Mason reported that the net interest margin is growing, and has increased by 6 basis points, higher than the industry average; "We expect to grow the net interest margin by an excess of 325 to 340 basis points," said Mason. Home Street has become one of the most significant lenders in the home building business, and Mason sees demand for homes rising. The CEO indicated that the company might look for an acquisition to increase its geographical footprint. "Home Street can keep going higher," said Cramer.

CEO Interview: Kieran Gallahue, CareFusion (NYSE:CFN). Other stock mentioned: Cardinal Health (NYSE:CAH)

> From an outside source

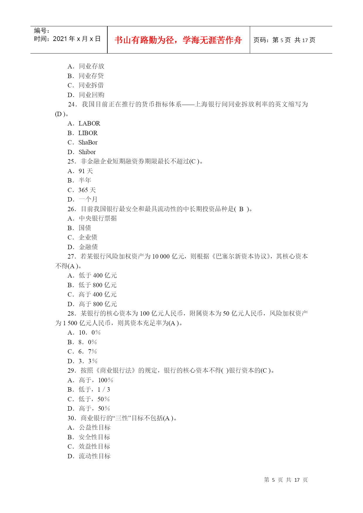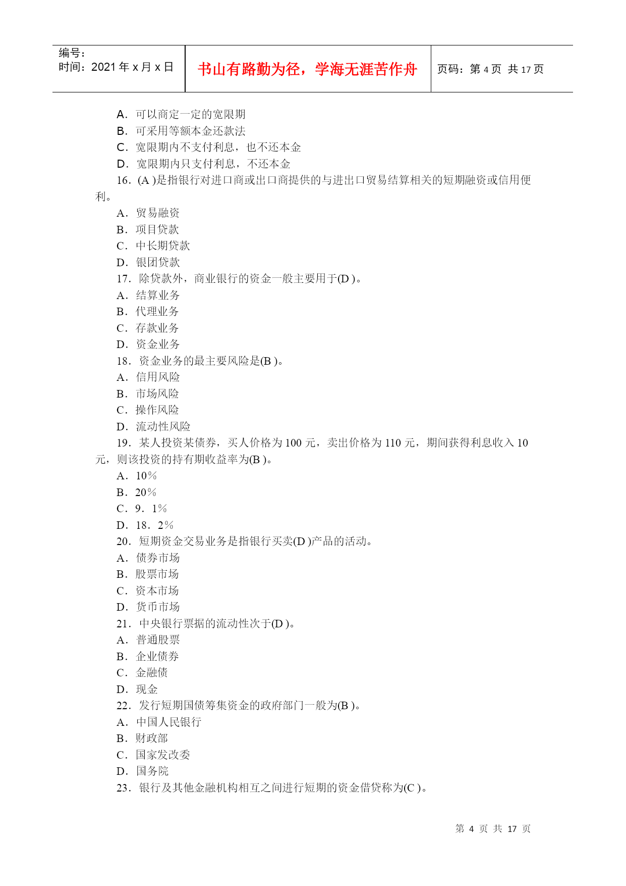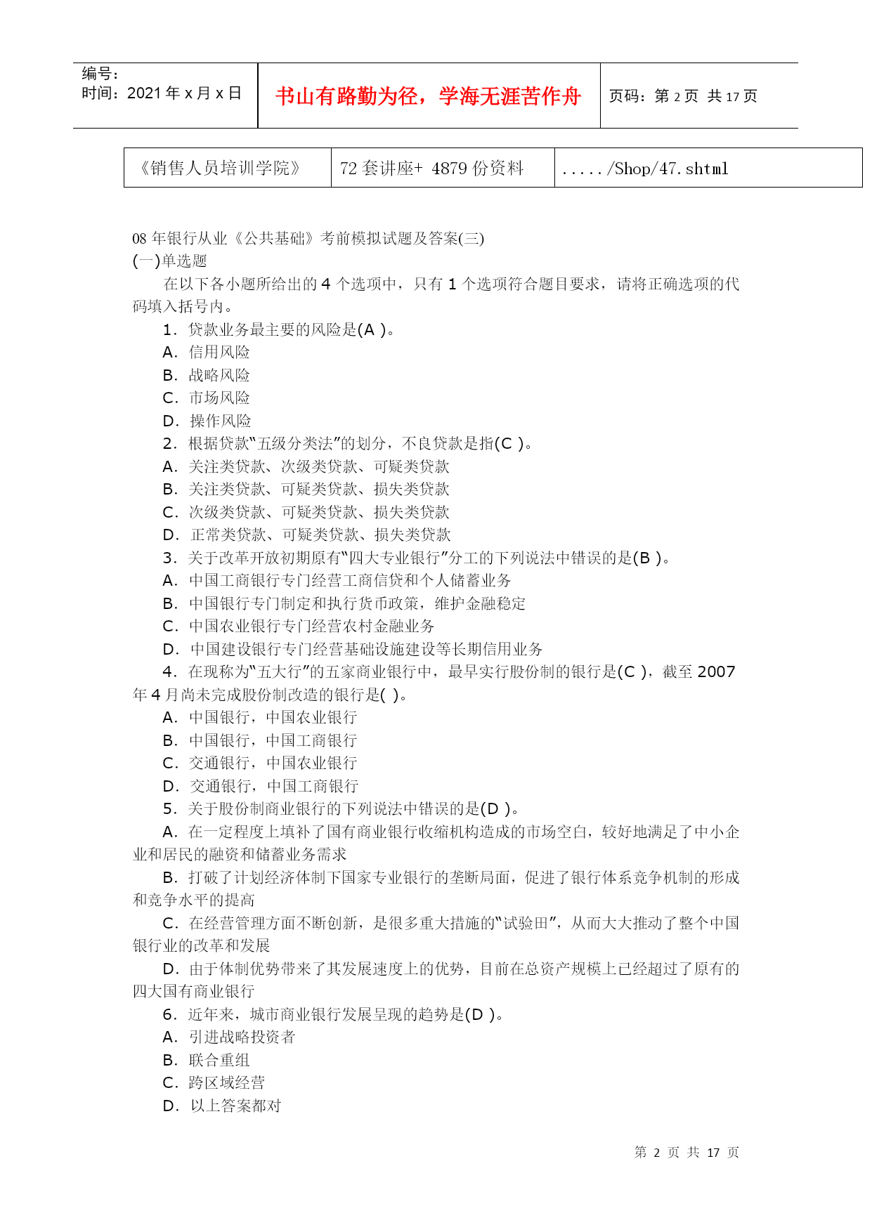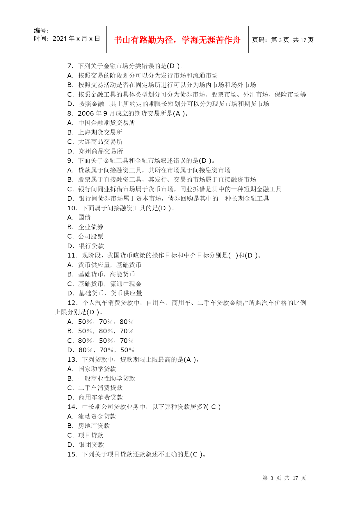 编号:时间:2021年x月x日书山有路勤为径,学海无涯苦作舟页码:第PAGE17页共NUMPAGES17页第PAGE\*MERGEFORMAT17页共NUMPAGES\*MERGEFORMAT17页HYPERLINK"...../"更多资料请访问.(.....)更多企业学院:...../Shop/《中小企业管理全能版》183套讲座+89700份资料...../Shop/40.shtml《总经理、高层管理》49套讲座+16388份资料...../Shop/38.shtml《中层管理学院》46套讲座+6020份资料...../Shop/39.shtml《国学智慧、易经》46套讲座...../Shop/41.shtml《人力资源学院》56套讲座+27123份资料...../Shop/44.shtml《各阶段员工培训学院》77套讲座+324份资料...../Shop/49.shtml《员工管理企业学院》67套讲座+8720份资料...../Shop/42.shtml《工厂生产管理学院》52套讲座+13920份资料...../Shop/43.shtml《财务管理学院》53套讲座+17945份资料...../Shop/45.shtml《销售经理学院》56套讲座+14350份资料...../Shop/46.shtml《销售人员培训学院》72套讲座+4879份资料...../Shop/47.shtml08年银行从业《公共基础》考前模拟试题及答案(三)(一)单选题在以下各小题所给出的4个选项中,只有1个选项符合题目要求,请将正确选项的代码填入括号内。1.贷款业务最主要的风险是(A)。A.信用风险B.战略风险C.市场风险D.操作风险2.根据贷款“五级分类法”的划分,不良贷款是指(C)。A.关注类贷款、次级类贷款、可疑类贷款B.关注类贷款、可疑类贷款、损失类贷款C.次级类贷款、可疑类贷款、损失类贷款D.正常类贷款、可疑类贷款、损失类贷款3.关于改革开放初期原有“四大专业银行”分工的下列说法中错误的是(B)。A.中国工商银行专门经营工商信贷和个人储蓄业务B.中国银行专门制定和执行货币政策,维护金融稳定C.中国农业银行专门经营农村金融业务D.中国建设银行专门经营基础设施建设等长期信用业务4.在现称为“五大行”的五家商业银行中,最早实行股份制的银行是(C),截至2007年4月尚未完成股份制改造的银行是()。A.中国银行,中国农业银行B.中国银行,中国工商银行C.交通银行,中国农业银行D.交通银行,中国工商银行5.关于股份制商业银行的下列说法中错误的是(D)。A.在一定程度上填补了国有商业银行收缩机构造成的市场空白,较好地满足了中小企业和居民的融资和储蓄业务需求B.打破了计划经济体制下国家专业银行的垄断局面,促进了银行体系竞争机制的形成和竞争水平的提高C.在经营管理方面不断创新,是很多重大措施的“试验田”,从而大大推动了整个中国银行业的改革和发展D.由于体制优势带来了其发展速度上的优势,目前在总资产规模上已经超过了原有的四大国有商业银行6.近年来,城市商业银行发展呈现的趋势是(D)。A.引进战略投资者B.联合重组C.跨区域经营D.以上答案都对7.下列关于金融市场分类错误的是(D)。A.按照交易的阶段划分可以分为发行市场和流通市场B.按照交易活动是否在固定场所进行可以分为场内市场和场外市场C.按照金融工具的具体类型划分可分为债券市场、股票市场、外汇市场、保险市场等D.按照金融工具上所约定的期限长短划分可以分为现货市场和期货市场8.2006年9月成立的期货交易所是(A)。A.中国金融期货交易所B.上海期货交易所C.大连商品交易所D.郑州商品交易所9.下面关于金融工具和金融市场叙述错误的是(D)。A.贷款属于间接融资工具,其所在市场属于间接融资市场B.股票属于直接融资工具,其发行、交易的市场属于直接融资市场C.银行间同业拆借市场属于货币市场,同业拆借是其中的一种短期金融工具D.银行间债券市场属于资本市场,债券回购是其中的一种长期金融工具10.下面属于间接融资工具的是(D)。A.国债B.企业债券C.公司股票D.银行贷款11.现阶段,我国货币政策的操作目标和中介目标分别是()和(D)。A.货币供应量,基础货币B.基础货币,高能货币C.基础货币,流通中现金D.基础货币,货币供应量12.个人汽车消费贷款中,自用车、商用车、二手车贷款金额占所购汽车价格的比例上限分别是(D)。A.50%,70%,80%B.50%,80%,70%C.80%,50%,70%D.80%,70%,50%13.下列贷款中,贷款期限上限最高的是(A)。A.国家助学贷款B.一般商业性助学贷款C.二手车消费贷款D.商用车消费贷款14

CareFusion (CFN) was spun off from Cardinal Health (CAH) in 2009, and has rallied 72% since. CFN's technology saves hospital staff time and decreases dangerous infections. One solution is creating disposable kits for all kinds of tests. The company beat earnings by 10% and reported a 160 basis point increase in gross margins. Management discussed a strong M&A pipeline. CEO Keiran Gallahue discussed that the flu season has given an "uptick" to CFN's business, and sees concerns about Obamacare and reducing hospital costs as potential catalysts; "We help hospitals be more efficient, help them drive out costs and help them improve patient safety." The spin-off from Cardinal Health has allowed the company to focus on technology, and CareFusion is beginning to reap the fruits after a bumpy transition. There was a slowdown in the dispensing business, but the infusion segment was strong. The CEO said the dispensing sector will be improved soon, because it is in transition with new technology. "I think you are going much higher," said Cramer.